[Task material Boundary: Start]

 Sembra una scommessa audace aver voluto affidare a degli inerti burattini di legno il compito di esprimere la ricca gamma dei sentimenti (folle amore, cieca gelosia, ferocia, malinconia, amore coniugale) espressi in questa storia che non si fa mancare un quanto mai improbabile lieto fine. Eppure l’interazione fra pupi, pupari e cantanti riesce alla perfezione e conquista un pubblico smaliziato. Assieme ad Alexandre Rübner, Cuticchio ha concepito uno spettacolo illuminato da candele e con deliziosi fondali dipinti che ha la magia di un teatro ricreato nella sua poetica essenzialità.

[Task material Boundary: End]
[Task material Boundary: Start]

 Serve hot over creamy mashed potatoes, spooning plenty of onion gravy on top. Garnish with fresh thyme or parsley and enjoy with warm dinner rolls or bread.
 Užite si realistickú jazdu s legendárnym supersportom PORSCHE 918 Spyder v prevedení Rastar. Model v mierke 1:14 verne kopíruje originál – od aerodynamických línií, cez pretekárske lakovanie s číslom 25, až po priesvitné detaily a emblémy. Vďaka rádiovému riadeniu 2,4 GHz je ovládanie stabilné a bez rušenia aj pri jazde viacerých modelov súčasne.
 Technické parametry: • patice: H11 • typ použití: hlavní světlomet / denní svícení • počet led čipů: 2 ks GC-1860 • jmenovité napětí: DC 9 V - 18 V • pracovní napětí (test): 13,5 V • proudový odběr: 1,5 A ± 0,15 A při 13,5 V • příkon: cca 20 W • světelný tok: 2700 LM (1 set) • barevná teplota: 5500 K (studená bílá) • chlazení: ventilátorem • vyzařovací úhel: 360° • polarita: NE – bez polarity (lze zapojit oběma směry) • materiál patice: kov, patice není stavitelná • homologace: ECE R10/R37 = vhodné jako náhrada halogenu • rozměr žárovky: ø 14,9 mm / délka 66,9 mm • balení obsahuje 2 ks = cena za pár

[Task material Boundary: End]

- **Problem to work on**:
Scan the lines above for "Užite si realistickú" and for "Technické parametry: •". Repeat exactly the line holding each of them and every line in between.

- **Solution**:
 Užite si realistickú jazdu s legendárnym supersportom PORSCHE 918 Spyder v prevedení Rastar. Model v mierke 1:14 verne kopíruje originál – od aerodynamických línií, cez pretekárske lakovanie s číslom 25, až po priesvitné detaily a emblémy. Vďaka rádiovému riadeniu 2,4 GHz je ovládanie stabilné a bez rušenia aj pri jazde viacerých modelov súčasne.
 Technické parametry: • patice: H11 • typ použití: hlavní světlomet / denní svícení • počet led čipů: 2 ks GC-1860 • jmenovité napětí: DC 9 V - 18 V • pracovní napětí (test): 13,5 V • proudový odběr: 1,5 A ± 0,15 A při 13,5 V • příkon: cca 20 W • světelný tok: 2700 LM (1 set) • barevná teplota: 5500 K (studená bílá) • chlazení: ventilátorem • vyzařovací úhel: 360° • polarita: NE – bez polarity (lze zapojit oběma směry) • materiál patice: kov, patice není stavitelná • homologace: ECE R10/R37 = vhodné jako náhrada halogenu • rozměr žárovky: ø 14,9 mm / délka 66,9 mm • balení obsahuje 2 ks = cena za pár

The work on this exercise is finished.